Transgender Hoosiers To Play Bigger Role In This Year's Civil Rights Debate
The legislative debate over LGBT rights next year is likely to focus more than ever before on the "T" in that phrase.
Until now, the statehouse LGBT debate has centered on gay marriage, pushing transgender Hoosiers to the periphery. With the 2016 focus on a broader anti-discrimination bill, civil rights group Freedom Indiana has kicked off its push for the law with a roster of speakers drawn entirely from the transgender community.
Campaign manager Chris Paulsen says it wasn't planned that way, but says transgender individuals probably face more discrimination, in part because they're more likely than gays and lesbians to be identifiable on sight.
She says the group will also make sure legislators hear the stories of transgender veterans.
“About 7-percent of military members are transgender,” Paulsen says. “It’s huge. It’s larger than the general population.”
Supporters' opening rally featured the mother of a transgender student, and an account of a transgender woman hired at a nursing home, only to be fired a month later.
Indiana National Guardsman Cameron St. Andrew compares his constant fear of being revealed as trans to posttraumatic stress disorder.
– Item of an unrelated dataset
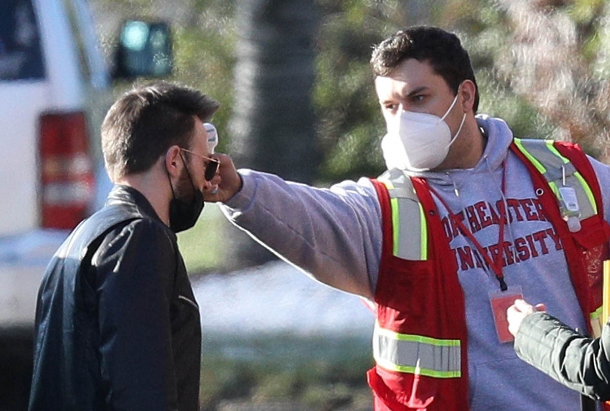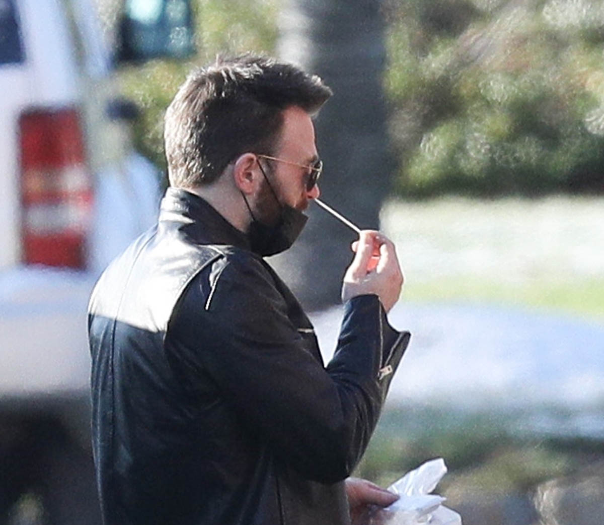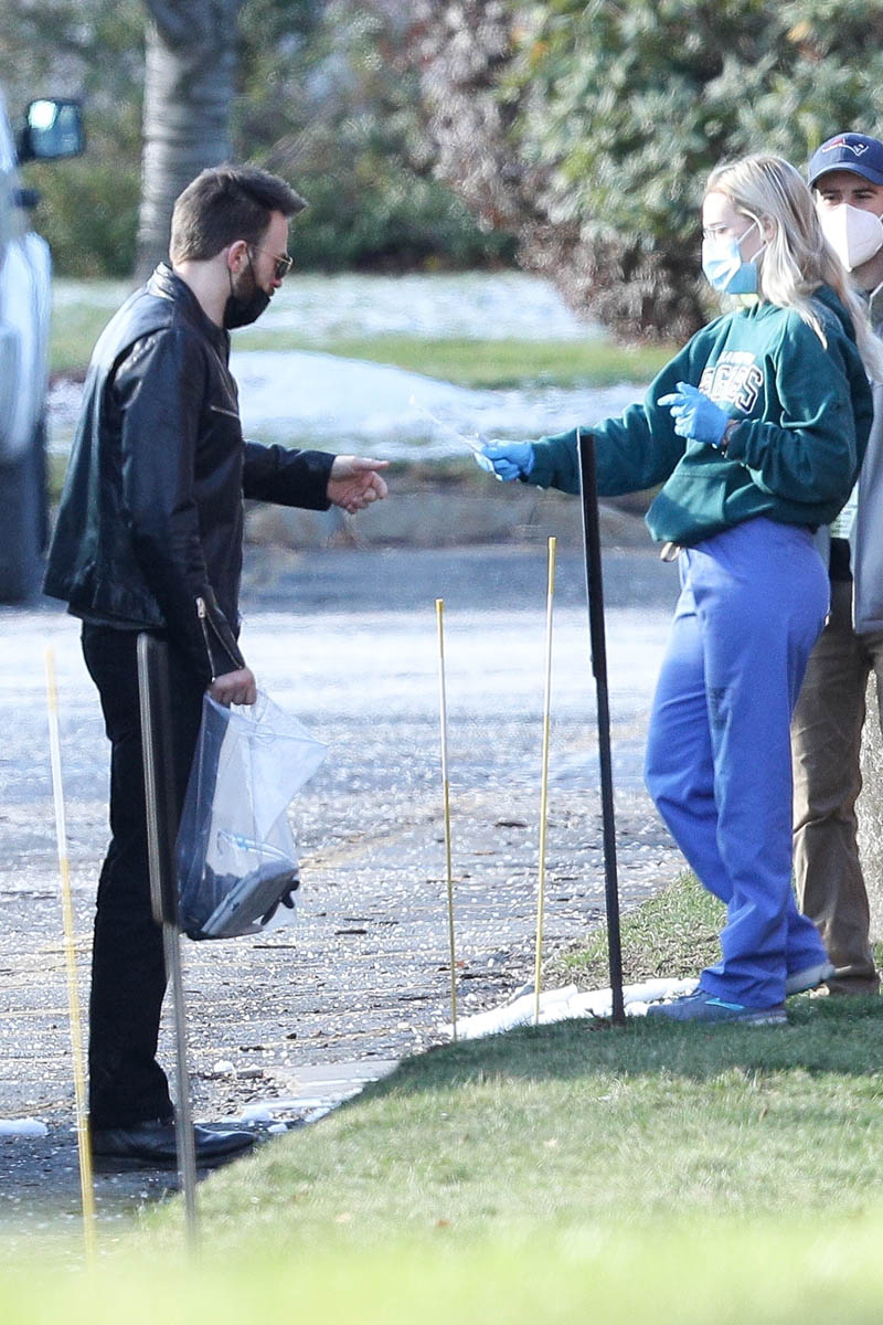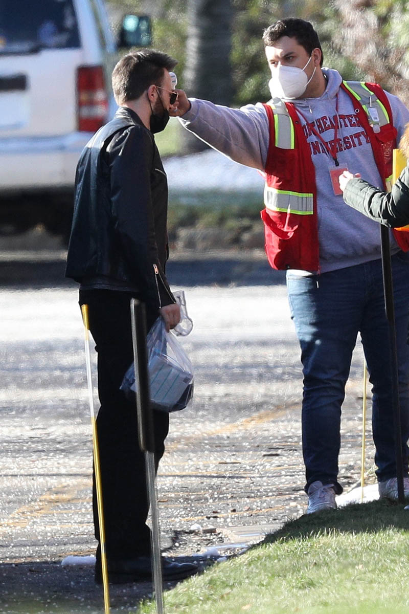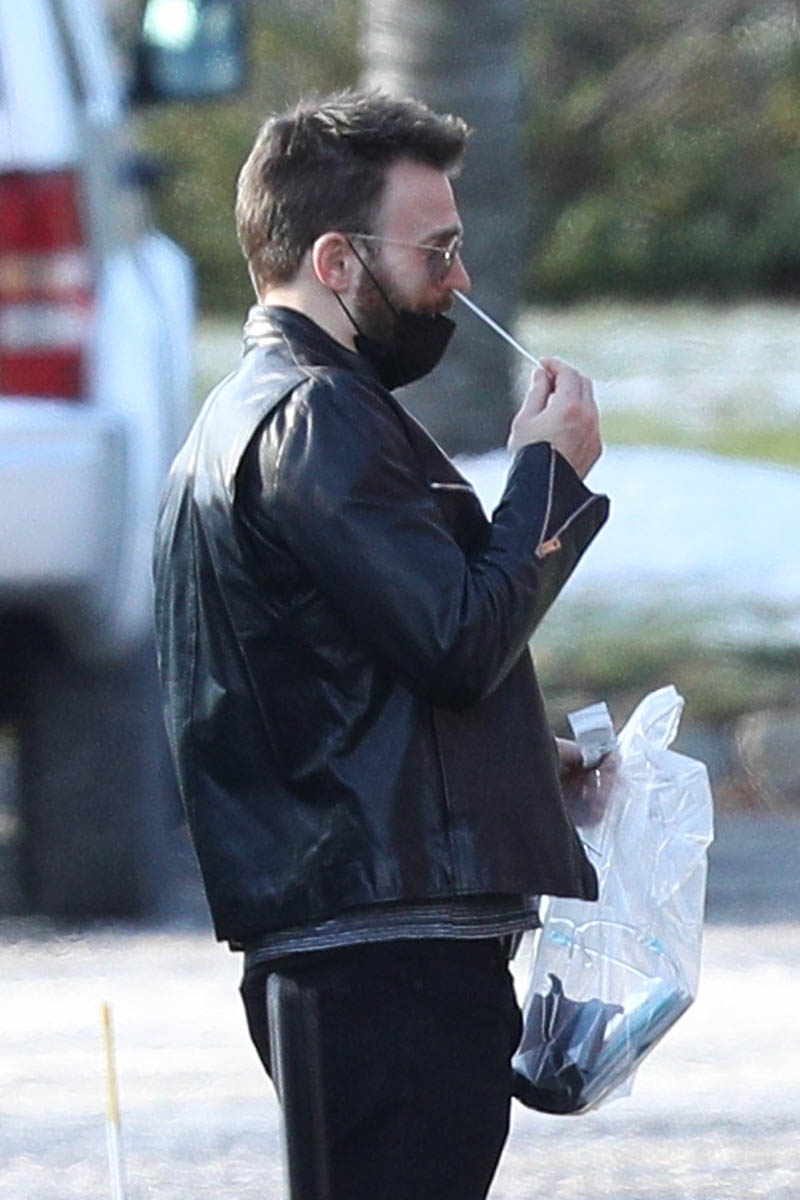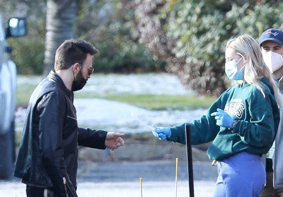 Maybe it was a matter of… proximity? Don’t Look Up is in production in Boston. Chris has been in Boston mostly through the pandemic (with a side trip to London to spend time with Lily James). And he was seen arriving on set today and swabbing himself as part of COVID-19 safety precautions. OK but when you do it yourself, are you really sticking it up far enough to get the sample? I don’t know if you’ve had a COVID test but if you have, at least the kind that we have here in Canada, it feels like the swab is jabbing at your brain and popping one of your memory bubbles. (I imagine our memories like fragile bubbles floating around in our brains, sorry.) The point is… that sh-t goes up real far. And I couldn’t do that to myself but I guess I’ll have to if we can get our hands on some rapid tests!

He says commanders did accept him when he finally came out, but says legislators need to give all transgender Hoosiers the same reassurance.
“They assured me that they would not seek to discharge me for being transgender. For once in my life, I didn’t have to worry that I was going to lose everything I’d worked so hard for,” St. Andrew says. “Our lawmakers have the power to do the very same thing for us.”
Senate Republicans’ civil rights bill includes protections for gender identity, but Paulsen says she's "troubled" by a clause requiring medical certification or a full year of living trans to qualify.